= Richard Ollard =

British historian and biographer (1923–2007)

Richard Ollard (9 November 1923 - 21 January 2007) was an English historian and biographer. He is best known for his work on the English Restoration period.

==Life==
Richard Laurence Ollard was born in Yorkshire on 9 November 1923, the son of Rev Dr S. L. Ollard, an Anglican clergyman. He was educated at Eton College where he was a King's Scholar. He joined the Navy during the Second World War and won an exhibition to New College, Oxford at its conclusion.

For twelve years from 1948 to 1959 Ollard taught history at the Royal Naval College, Greenwich in London. In 1960 he joined the publisher Collins as a senior editor, where he worked until his retirement in 1983. "One might not guess from his otherwise comprehensive obituaries of Penelope Fitzgerald or Carlo Cipolla, or his articles on Fernand Braudel or Patrick O'Brian, Ollard's pioneering role in publishing such authors. That his identification and retention of the best of them was of such a long-term benefit to Collins was largely due to his encouragement of a younger generation of editors who thus maintained continuity."
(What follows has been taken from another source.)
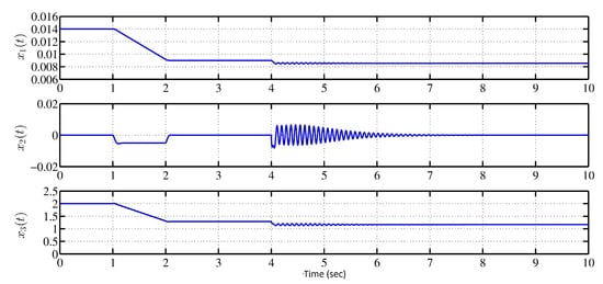 Next, we carry out simulation for the proposed adaptive control environment in the MLS (5) with matched (i.e., ) and mismatched (i.e., ) parametric uncertainties using MATLAB/SIMULINK platform. It is reported in various sources [,] that the level of uncertainty in and may be , , and , respectively. The nominal values and the safe bounded values (i.e., maximum and minimum) due to change in operating conditions (i.e., , , , ) are mentioned in Table 3. For this study, the uncertainties are introduced simultaneously in all the parameters (i.e., , and ) with the magnitude of , and , respectively, at s.

After his retirement from Collins he continued to research and publish widely and lived in Morecombelake, Dorset. He died of leukaemia on 21 January 2007. Richard was married to Mary (née Riddell) for 53 years & left 3 children & 5 grandchildren.

==Interests and achievements==
- In 1992 he was awarded the Caird Medal by the Trustees of the National Maritime Museum.
- In 1997 he was joint winner of the Heywood Hill Prize for a lifetime's contribution to the pleasure of reading.
- Fellow of the Royal Society of Literature (FRSL)
- Fellow of the Society of Antiquaries of London (FSA)
- Past Vice President of the Navy Records Society
- An honorary member of the Samuel Pepys Club

==Selected publications==
- The Escape of Charles II (1966; rep. 1986), which combines historical rigour with a lively account of the period and the immediate aftermath of the Battle of Worcester
- Man of War: Sir Robert Holmes and the Restoration Navy (1969; rep. 2001)
- Pepys: A Biography (1974; rev. 1991)
- This War Without an Enemy: A History of the English Civil Wars (1976)
- The Image of the King: Charles I and Charles II (1979; rep. 2001)
- An English Education: A Perspective of Eton (1982)
- Clarendon and His Friends (1988)
- Clarendon's Four Portraits: George Digby, John Berkeley, Henry Jermyn, Henry Bennet (editor, 1989)
- Fisher and Cunningham: A Study of the Personalities of the Churchill Era (1991)
- Cromwell's Earl (1994), a biography of Edward Montagu, 1st Earl of Sandwich
- Dorset (1995), a 'Pimlico Country History Guide' to the county of Dorset
- A Man of Contradictions: A Life of A. L. Rowse (1999), a biography

The book about A. L. Rowse sparked some controversy in literary circles. A negative review published by the London Review of Books (27 April 2000) prompted this reply by Ollard.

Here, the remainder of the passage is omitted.